Drawing funds from her own pockets, Owens placed her bets on the “Hands Across The Border” theme and furthered fanning the flames of friendship in her community by starting her own small business selling art, shirts, buttons, postcards, bumper stickers, needlepoint kits and more.

Owens has traveled the state with her finished pieces to various craft fairs, garnering recognition for her craftsmanship, bringing home ribbons and even being featured in notable publications.
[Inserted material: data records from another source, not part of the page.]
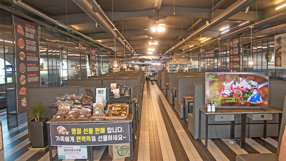 산들마을은 경기도 김포시 양촌읍 누산리, 모아 아울렛 맞은편에 있는 농림축산식품부에서 선정한 안심 한우 전문 식당이다. 룸이 별도로 준비되어 있으며 테이블 간격이 넓어서 편안하게 식사할 수 있다. 최고등급 한우(1++등급))를 사용하고 있어 고기의 육즙부터가 다르다. 한우 전문점답게 한우샤브, 한우불고기, 한우물회, 육회 등 메뉴를 선택할 수 있고, 등심, 갈빗살 등 한우를 돌판에 구워 먹을 수도 있다. 다양한 장난감과 함께 유아 공간도 마련되어 있어 아이들과 함께 방문해도 좋다.
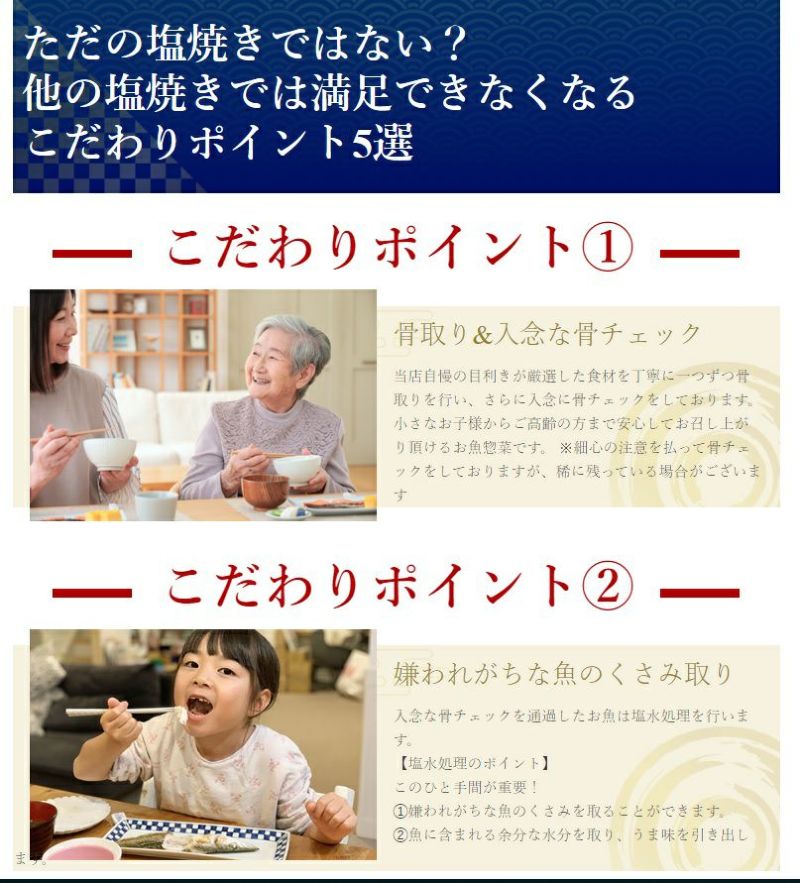 当店自慢の職人が一切れずつ丁寧に塩を振ることにより、均一かつバツグンの塩加減になり、食欲そそる一品になります。 魚と塩だけなので無添加となります。
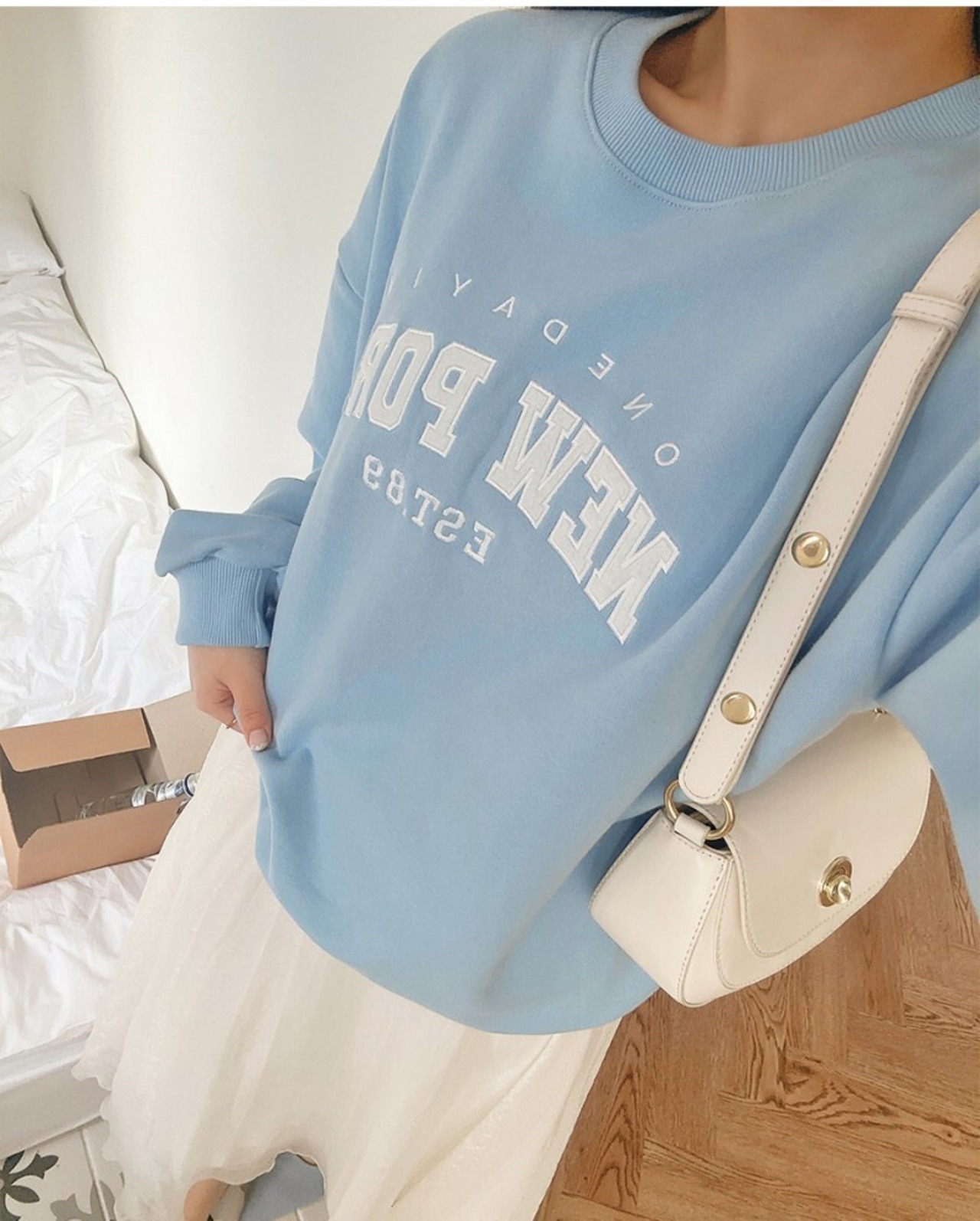 レディース トップス プルオーバー トレーナー 長袖 ドロップショルダー 萌袖 ラウンドネック ワイド 刺繍 伸縮性 薄手 スウェット シンプル カジュアル レトロ こなれ感 ラフ メンズライク ボーイッシュ ベーシック 無地 ロゴ オールシーズン ママ マタニティ 学生 学校 通学 お出かけ お泊まり アウトドア キャンプ 公園 女子会 休日 高原 ショッピング ライブ フェス 楽ちん 体型カバー 普段使い 着回し 定番 ゆったり ゆる フリーサイズ 白 ホワイト オフホワイト ブルー

“I actually made and designed the West Quoddy Head Lighthouse Afghan and it was published in the Mary Maxim catalog,” she said. “West Quoddy Head Lighthouse is the most easterly point in the country and it’s right here in Washington County and I don’t feel that this area gets attention, you know, we have some very special things here and nobody seems to recognize that fact.”

Owens first discovered the art of weaving afghans in the early seventies.

“I had my fourth baby and I had two in diapers and I could see that I was not going anywhere so I decided to join a book club and one of the books I chose was a book about designer afghans and that’s how it all started,” she said.

“I found something I enjoyed doing at home, without going out to enjoy myself, I had all I needed right at home,” she said.

Over time she raised her children and honed her skills. She said she hadn’t always been an artist and it was a talent she developed.

“The whole concept of designing something and putting it in an afghan, it was fascinating to me and I made one called ‘The Indian Head,’ I made another one called ‘Indian Geometric,’ I made several of both of those, and it’s just fascinating working on something like that, and I couldn’t believe it came out like it did, it was just perfect,” she said.

Owens normally visits several craft fairs each year but due to a recent his replacement she’s house bound and has her oldest daughter taking care of her.

“I keep busy all the time. I have a baby Afghan right here on my lap I’m working on. It looks like it’s very difficult to do but it is quite easy. The designers are the ones that deserve the credit you know, because I always tell people they look nice and they tell me what nice work I do and I say I have to give the designer the credit because they’re the ones that made up the design and I just follow the instructions,” she said.